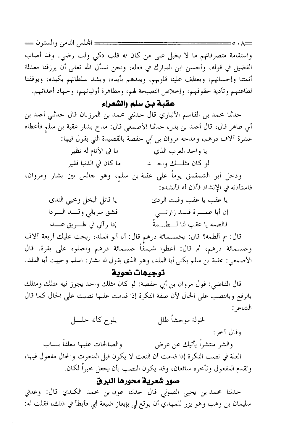 حَدَّثَنَا مُحَمَّد بْن القَاسِم الأنبَاريّ قَالَ حَدَّثَنِي مُحَمَّد بْن الْمَرْزُبَان قَالَ حَدَّثَنِي أَحْمَد بْن أبي طَاهِر قَالَ، قَالَ أَحْمَد بْن بدر، حَدَّثَنَا الْأَصْمَعِي قَالَ: مدح بشار عقبَة بن سلمٍ فَأعْطَاهُ عشرَة آلَاف دِرْهَم، ومدحه مَرْوَان بْن أَبِي حَفْصَة بالقصيدة الَّتِي يَقُول فِيهَا:
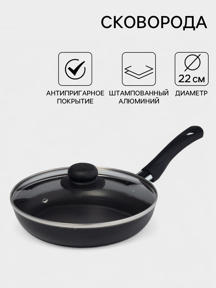Сковорода 22см Consu стеклянная крышка антипригарное покрытие цвет чёрный 689054
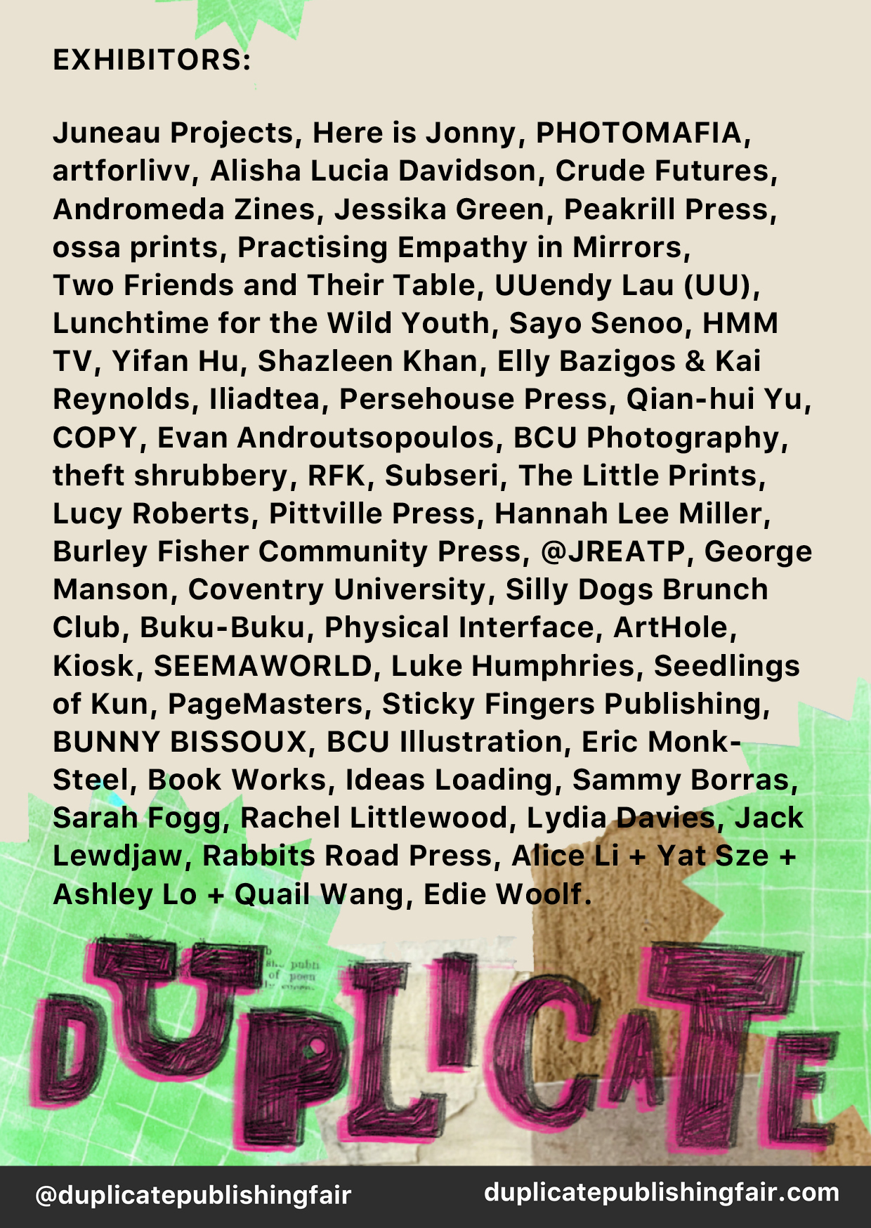 Duplicate Publishing Fair 2025 and will be held at Eastside Projects on Friday 2nd (4-8pm) and Saturday 3rd (12-5pm) of May. Free to attend. Click here for more info.

------------------------

• INSTRUCTIONS TO FOLLOW
Pictures in the data above should not be copied; transcribe everything else exactly.

• REPLY
 حَدَّثَنَا مُحَمَّد بْن القَاسِم الأنبَاريّ قَالَ حَدَّثَنِي مُحَمَّد بْن الْمَرْزُبَان قَالَ حَدَّثَنِي أَحْمَد بْن أبي طَاهِر قَالَ، قَالَ أَحْمَد بْن بدر، حَدَّثَنَا الْأَصْمَعِي قَالَ: مدح بشار عقبَة بن سلمٍ فَأعْطَاهُ عشرَة آلَاف دِرْهَم، ومدحه مَرْوَان بْن أَبِي حَفْصَة بالقصيدة الَّتِي يَقُول فِيهَا:
Сковорода 22см Consu стеклянная крышка антипригарное покрытие цвет чёрный 689054
 Duplicate Publishing Fair 2025 and will be held at Eastside Projects on Friday 2nd (4-8pm) and Saturday 3rd (12-5pm) of May. Free to attend. Click here for more info.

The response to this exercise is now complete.